[Items listed in a dataset]
____________________
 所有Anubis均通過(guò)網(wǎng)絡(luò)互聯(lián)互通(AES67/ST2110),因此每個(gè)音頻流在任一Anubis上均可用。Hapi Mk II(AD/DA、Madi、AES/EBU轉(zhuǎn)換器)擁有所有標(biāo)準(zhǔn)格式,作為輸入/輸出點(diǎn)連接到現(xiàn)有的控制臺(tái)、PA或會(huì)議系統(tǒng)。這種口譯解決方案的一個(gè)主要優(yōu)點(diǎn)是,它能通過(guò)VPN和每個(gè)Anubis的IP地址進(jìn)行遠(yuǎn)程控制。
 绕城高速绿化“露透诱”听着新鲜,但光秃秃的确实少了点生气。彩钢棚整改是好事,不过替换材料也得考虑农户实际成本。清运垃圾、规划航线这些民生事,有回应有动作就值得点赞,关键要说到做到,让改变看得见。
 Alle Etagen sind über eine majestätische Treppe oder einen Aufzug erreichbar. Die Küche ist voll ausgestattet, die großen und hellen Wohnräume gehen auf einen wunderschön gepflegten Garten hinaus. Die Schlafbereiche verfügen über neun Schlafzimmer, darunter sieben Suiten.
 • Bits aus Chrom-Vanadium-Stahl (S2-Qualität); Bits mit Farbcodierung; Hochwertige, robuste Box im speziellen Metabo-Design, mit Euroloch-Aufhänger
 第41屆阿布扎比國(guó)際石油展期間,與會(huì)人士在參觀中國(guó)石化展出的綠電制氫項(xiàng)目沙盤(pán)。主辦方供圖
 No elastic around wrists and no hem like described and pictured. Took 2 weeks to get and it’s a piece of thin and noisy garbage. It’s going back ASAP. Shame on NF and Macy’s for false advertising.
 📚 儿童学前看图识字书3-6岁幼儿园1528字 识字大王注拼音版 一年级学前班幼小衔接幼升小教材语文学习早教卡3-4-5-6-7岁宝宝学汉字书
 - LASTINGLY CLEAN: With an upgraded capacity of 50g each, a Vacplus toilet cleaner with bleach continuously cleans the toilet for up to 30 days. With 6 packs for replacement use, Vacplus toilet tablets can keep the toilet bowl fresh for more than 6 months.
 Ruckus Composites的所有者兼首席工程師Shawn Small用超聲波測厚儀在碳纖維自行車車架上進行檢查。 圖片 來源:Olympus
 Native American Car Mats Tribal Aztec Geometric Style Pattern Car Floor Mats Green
____________________
Word for word, write out every record.

 所有Anubis均通過(guò)網(wǎng)絡(luò)互聯(lián)互通(AES67/ST2110),因此每個(gè)音頻流在任一Anubis上均可用。Hapi Mk II(AD/DA、Madi、AES/EBU轉(zhuǎn)換器)擁有所有標(biāo)準(zhǔn)格式,作為輸入/輸出點(diǎn)連接到現(xiàn)有的控制臺(tái)、PA或會(huì)議系統(tǒng)。這種口譯解決方案的一個(gè)主要優(yōu)點(diǎn)是,它能通過(guò)VPN和每個(gè)Anubis的IP地址進(jìn)行遠(yuǎn)程控制。
 绕城高速绿化“露透诱”听着新鲜,但光秃秃的确实少了点生气。彩钢棚整改是好事,不过替换材料也得考虑农户实际成本。清运垃圾、规划航线这些民生事,有回应有动作就值得点赞,关键要说到做到,让改变看得见。
 Alle Etagen sind über eine majestätische Treppe oder einen Aufzug erreichbar. Die Küche ist voll ausgestattet, die großen und hellen Wohnräume gehen auf einen wunderschön gepflegten Garten hinaus. Die Schlafbereiche verfügen über neun Schlafzimmer, darunter sieben Suiten.
 • Bits aus Chrom-Vanadium-Stahl (S2-Qualität); Bits mit Farbcodierung; Hochwertige, robuste Box im speziellen Metabo-Design, mit Euroloch-Aufhänger
 第41屆阿布扎比國(guó)際石油展期間,與會(huì)人士在參觀中國(guó)石化展出的綠電制氫項(xiàng)目沙盤(pán)。主辦方供圖
 No elastic around wrists and no hem like described and pictured. Took 2 weeks to get and it’s a piece of thin and noisy garbage. It’s going back ASAP. Shame on NF and Macy’s for false advertising.
 📚 儿童学前看图识字书3-6岁幼儿园1528字 识字大王注拼音版 一年级学前班幼小衔接幼升小教材语文学习早教卡3-4-5-6-7岁宝宝学汉字书
 - LASTINGLY CLEAN: With an upgraded capacity of 50g each, a Vacplus toilet cleaner with bleach continuously cleans the toilet for up to 30 days. With 6 packs for replacement use, Vacplus toilet tablets can keep the toilet bowl fresh for more than 6 months.
 Ruckus Composites的所有者兼首席工程師Shawn Small用超聲波測厚儀在碳纖維自行車車架上進行檢查。 圖片 來源:Olympus
 Native American Car Mats Tribal Aztec Geometric Style Pattern Car Floor Mats Green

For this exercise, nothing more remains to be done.